Despite the Federal government’s stance on the use of Marijuana, states have began to legalize and to decriminalize the use of this substance, especially since the last years of the 20th century. This move started with the California voters leading the vanguard in 1996, and also in 1998, other states began to follow suit including Alaska, Oregon and Washington; however these states restricted their use to just medical purposes, and this is the case with over 40 states in the United States.
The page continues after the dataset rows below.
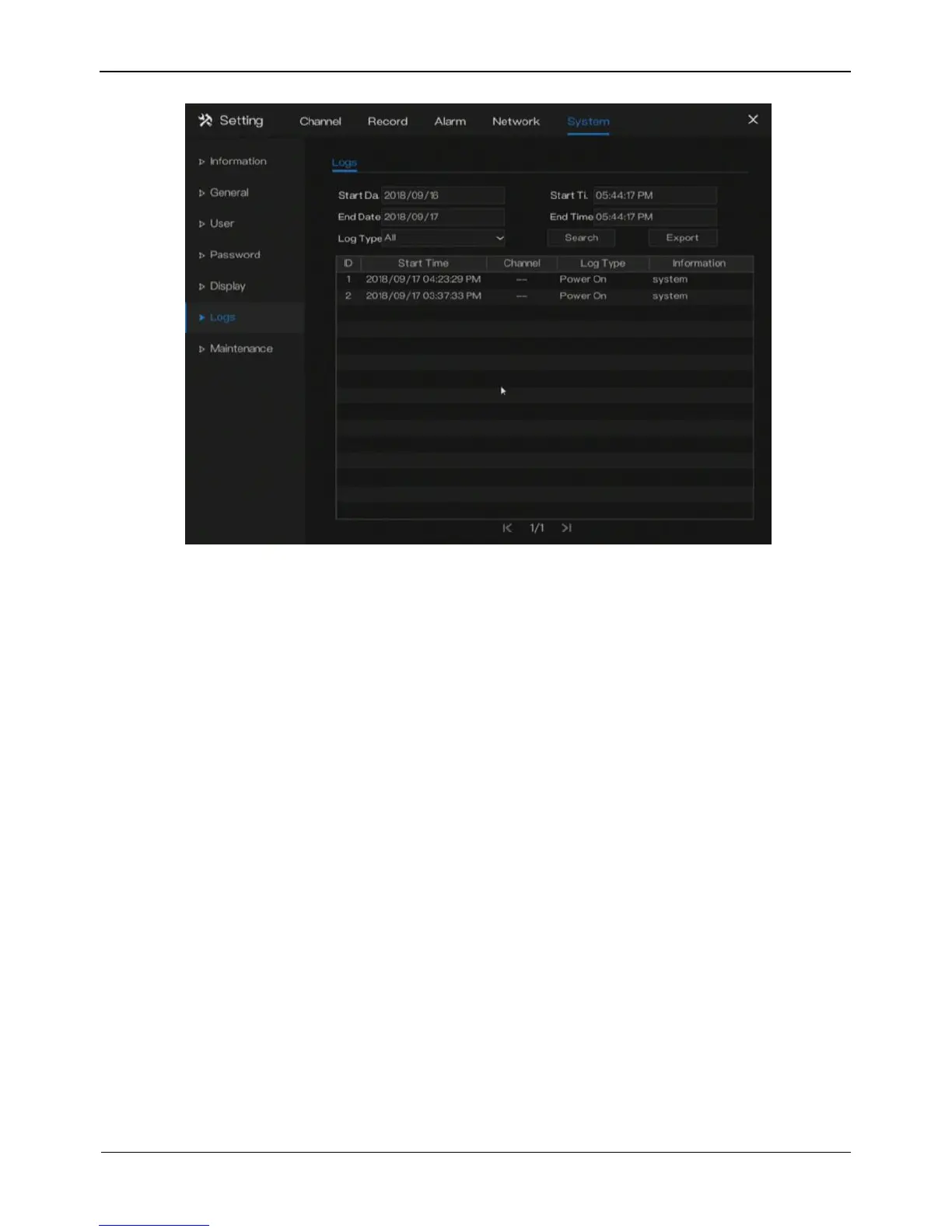 Step 2 Set the logs start date, end date, start time and end time on log screen.
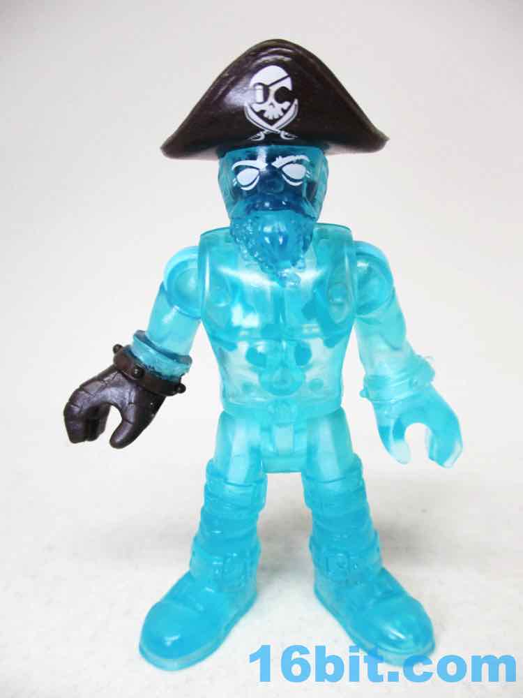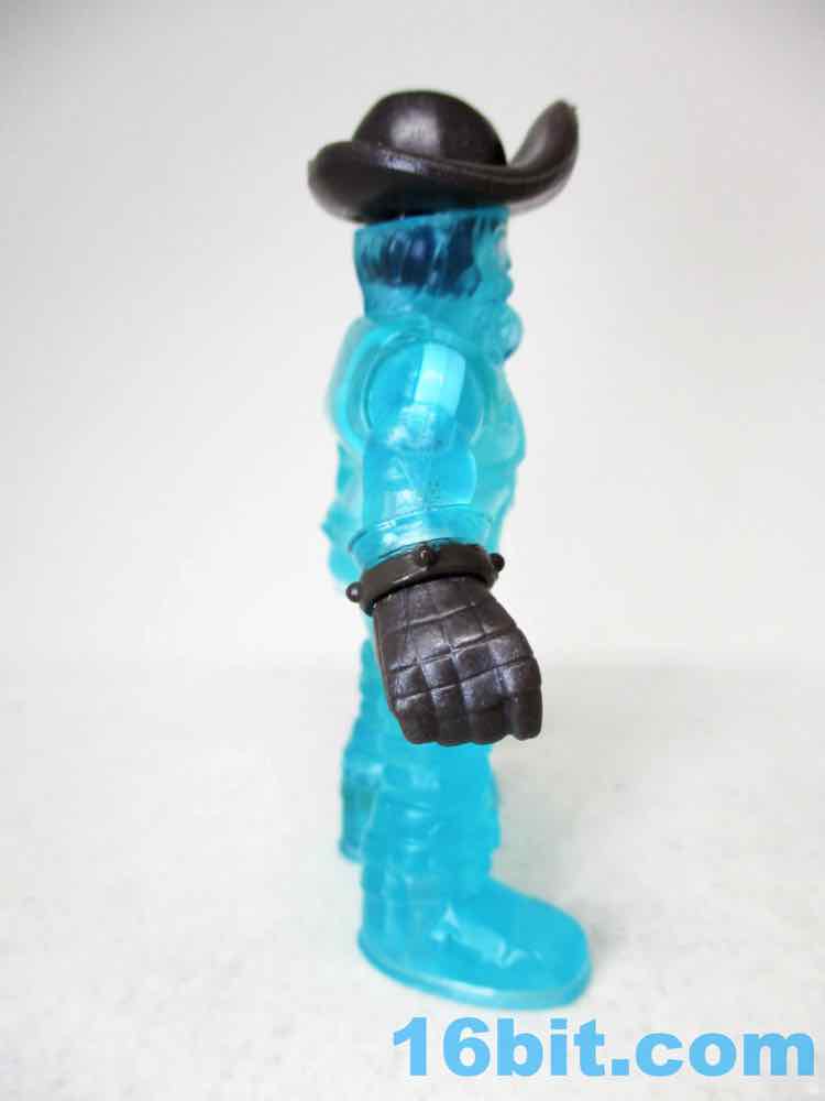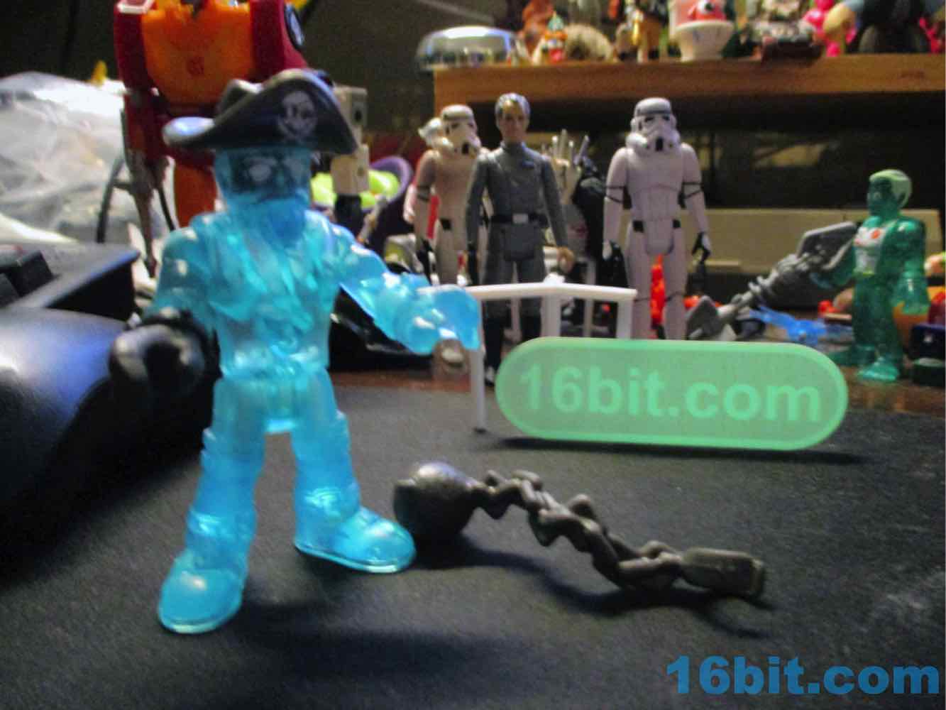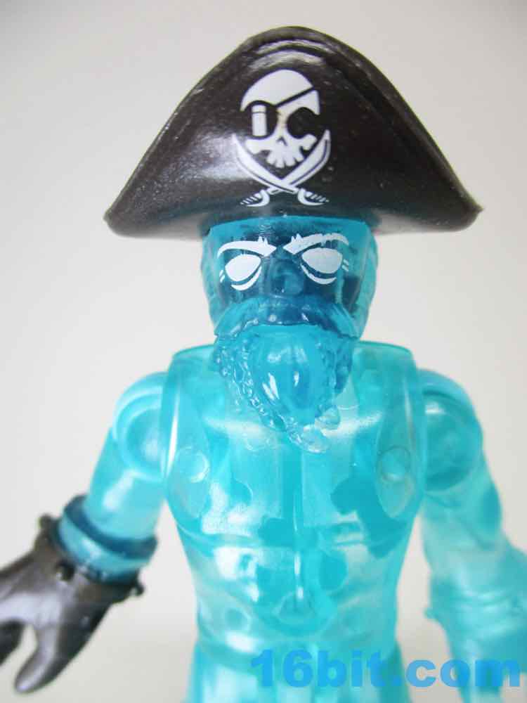 From a creative perspective, this is a brilliant figure. Cast mostly in a ghostly bluish green, the figure is largely unpainted - there's a bit on the wrist, and the eerie white eyes just under the crossbones on his hat. And that's it - and all he needs. You can see right through this spooky figure, which has no problems standing, sitting, or holding other accessories. It's kind of amazing this was a cheap, non-exclusive release instead of a convention exclusive or something targeted at collectors for a higher price. This is the kind of thing you should sell as a blind-bagged item in a gallery gift shop - it's cool, and it's fun.
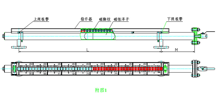 結(jié)構(gòu)原理 液位計(jì)根據(jù)浮子原理和磁性耦合作用研制而成。當(dāng)被測容器中的液位升降時(shí),液位計(jì)主導(dǎo)管中的浮子也隨之升降,浮子內(nèi)的永久磁鋼通過磁耦合傳遞到現(xiàn)場指示器,驅(qū)動(dòng)紅、白翻柱翻轉(zhuǎn) 180 °,當(dāng)液位上升時(shí),翻柱由白色轉(zhuǎn)為紅色,當(dāng)液位下降時(shí),翻柱由紅色轉(zhuǎn)為白色,指示器的紅、白界位處為容器內(nèi)介質(zhì)液位的實(shí)際調(diào)高度,從而實(shí)現(xiàn)液位的指示。
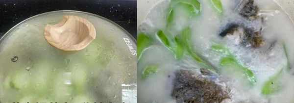 5:倒入适量开水,这样才会是奶白色,中途放入一些姜片,盖上锅盖炖煮一会儿,让汤汁煮至乳白色。
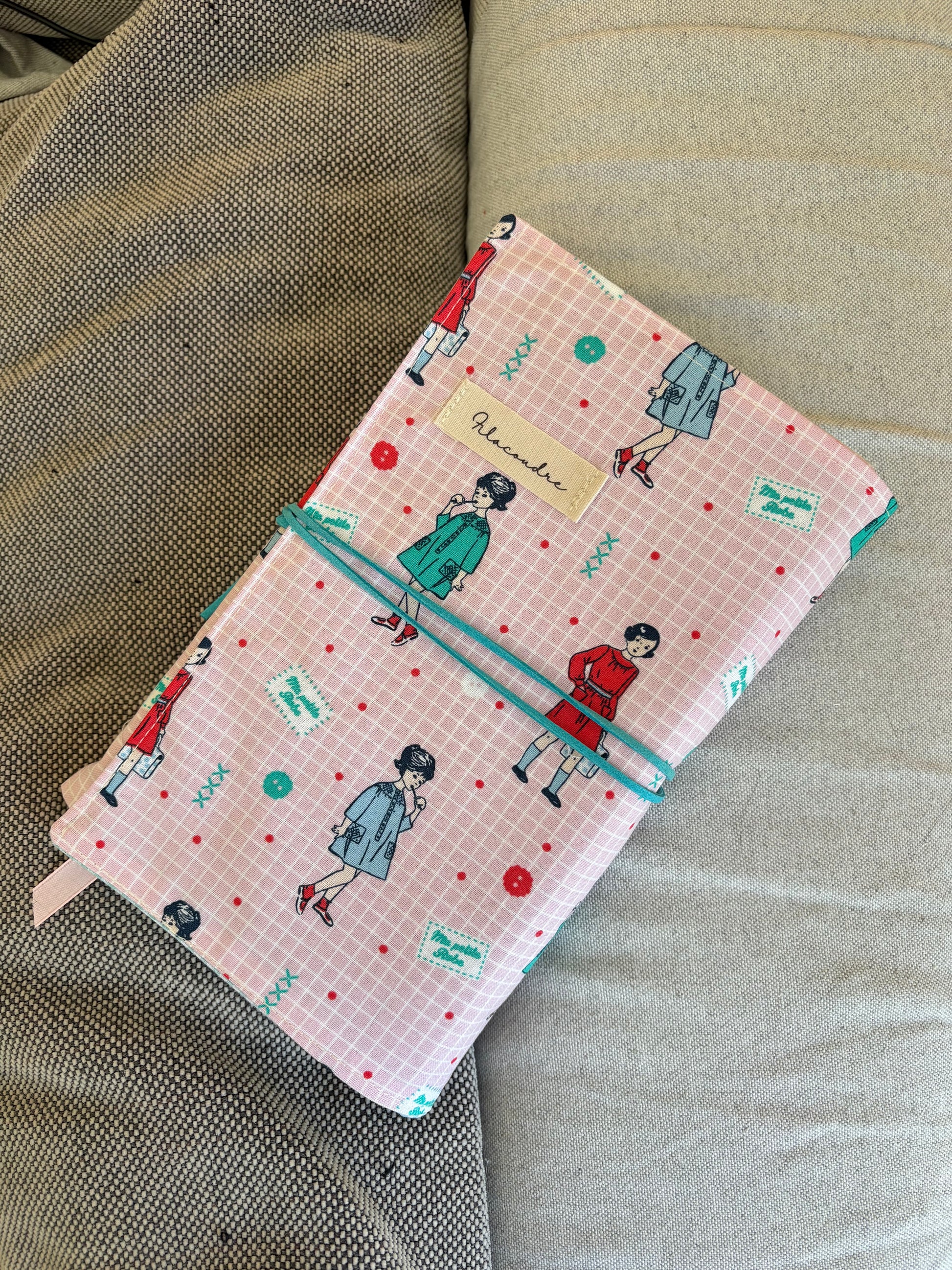 Confeccionada con algodón de estampado fabricado en Francia , su diseño combina funcionalidad y ternura. El toque especial: un cordón de pana que mantiene el libro bien cerrado y le da un aire rústico y elegante.
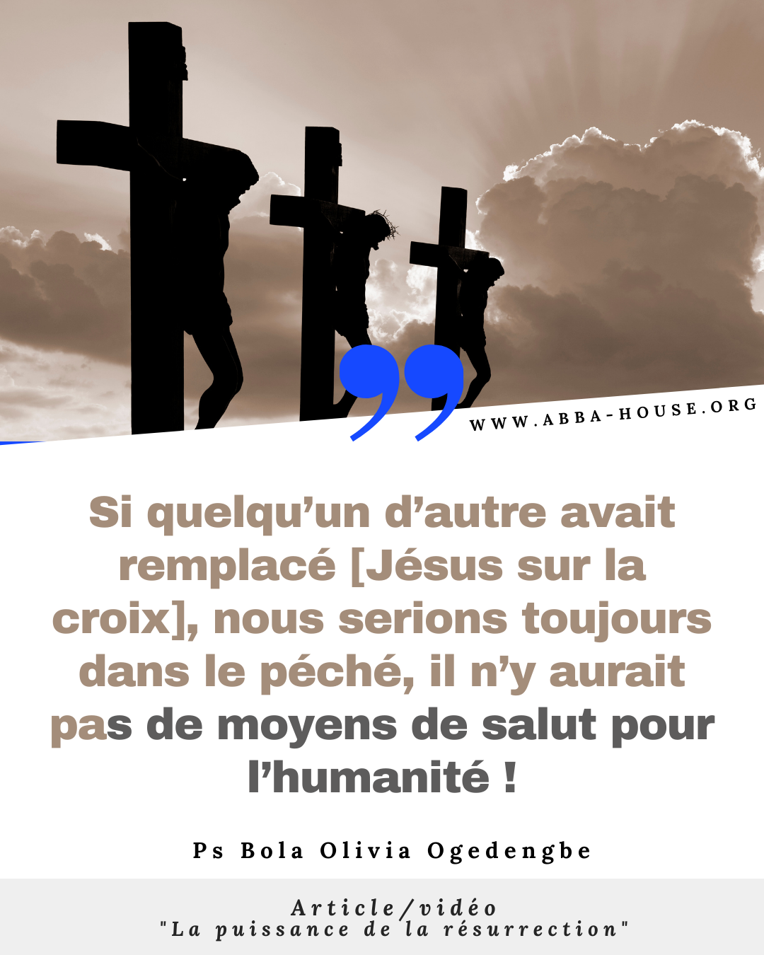 “Jésus n’a pas été crucifié parce que les hommes voulaient Le crucifier. Jésus a été crucifié parce que le Père l’a envoyé pour payer pour nos péchés. Et si quelqu’un d’autre l’avait remplacé, nous serions toujours dans le péché, il n’y aurait pas de moyens de salut pour l’humanité.
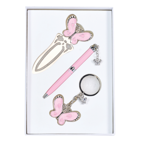 Набор подарочный "Fly": ручка шариковая + брелок + закладка, розовый Особенность - Длина стержня, мм 67 Тип набора ручка шариковая+брелок+закладка Упаковка подарочный футляр Цвет чернила Синий Новинка Нет Топ продаж Нет Ручка покрыта лаком, элементы корпуса хромированы, материал корпуса - латунь, 6 кристаллов по радиусу корпуса, кулон в виде бабочки. Брелок - бабочка, элементы покрыты лаком, кольцо для ключей. Закладка для книги - изголовье в форме бабочки, сменный стержень тип D1 LS.499002.

The atmosphere shifted even more radically with states like Colorado and Washington legalizing the use of marijuana for adult recreational purposes in 2012, Other states like Alaska and Oregon immediately joined the band-wagon in 2014 and in 2016, California, Maine, Massachusetts and Nevada followed, the list continued with Vermont and Michigan in 2018 and Illinois in 2019. 

There are however different types of policies and laws guiding legislation on marijuana and they include:

  • Prohibition and Criminalization: This would entail any activity using the substance as illegal and criminally punishable by law. 
  • Decriminalization: In this situation, the heavy criminalization is removed and the substance is treated mildly and instead of criminal punishment, the result may just be civil fines.
  • Medical Legislation: In this case, the laws can be made that allow marijuana to be used for medical purposes only.
  • Full Legalisation: This would involve a total legalization of the substance, removing it from the list of controlled substances and enacting new laws to guide it’s legal production, use and sales. 

There are some benefits that are associated with the decriminalization and the legalization of the substance and they include the fact that it will reduce drastically the cost of enforcing drug laws, and also the cost of accommodating and feeding inmates who are incarcerated from non-violent drug related crimes. It would also go without saying that decriminalizing marijuana would result in millions of dollars added to the economy, there would be an increase in jobs, there would be a reduction in the incidences of drug related gang wars, it would also reduce the allegations of using marijuana as a way of targeting black Americans. In addition, the use and support for the use of Marijuana has gained popularity with the most of American citizens; a study conducted shows that over 65% of America’s voting population favour the legalization of marijuana for Adult use and over 90% are in support of the legalization of marijuana for medical purposes.